A spaceship moving with an initial velocity of 58.0 meters/second experiences a uniform acceleration and attains a final velocity of 153 meters/second. What distance has the spaceship covered after 12.0 seconds?
d = V0 * t + 1/2 a t ** 2
where
average acceleration a = (V1 - V0) / dt
V0 = 58 m/s
V1 = 153 m/s
dt = 12 s
a = (153-58)/12 m/(s*s)
a = 7.9 m/(s*s)
d = 58 * 12 m/s *s + .5 * 7.9 * (12 * 12) m/(s*s) * (s*s)
d = 696 + 1140 m
d = 1836 m
P.S.
I forgot to multiply by the .5 in the second to last step .
It should read :
d = 696 + .5 * 1140 m
d = 1266 m
100
lad
To find the distance covered by the spaceship, we can use the equation of motion:
Distance = (Initial Velocity × Time) + (1/2) × (Acceleration × Time^2)
Given:
Initial Velocity (u) = 58.0 meters/second
Final Velocity (v) = 153 meters/second
Time (t) = 12.0 seconds
To find the acceleration (a) of the spaceship, we can use the following formula:
v^2 = u^2 + 2a × d
Rearranging this equation, we get:
a = (v^2 - u^2) / (2 × d)
Let's start by finding the acceleration using the values of initial and final velocities:
a = (153^2 - 58.0^2) / (2 × d)
Solving this equation, we can find the acceleration (a).

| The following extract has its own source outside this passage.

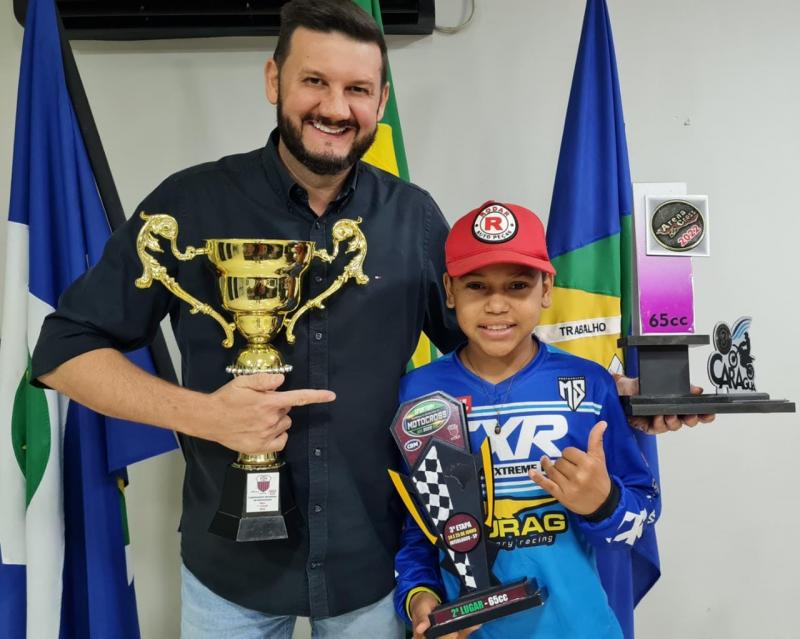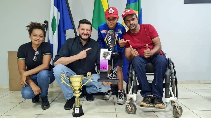 Prefeito Edelo Ferrari recebeu o piloto Gui Ferreira em seu gabinete e disse “É uma honra ter um prodígio de um piloto como você em nosso município, você se seus avos estão de parabéns por estar sempre treinando e te acompanhando Brasil a dentro, podem sempre contar conosco para o que precisar”.

Next, once we have the value of acceleration (a), we can substitute it into the equation of motion to find the distance covered (d):
Distance = (Initial Velocity × Time) + (1/2) × (Acceleration × Time^2)
Substitute the given values to find the distance covered by the spaceship after 12.0 seconds.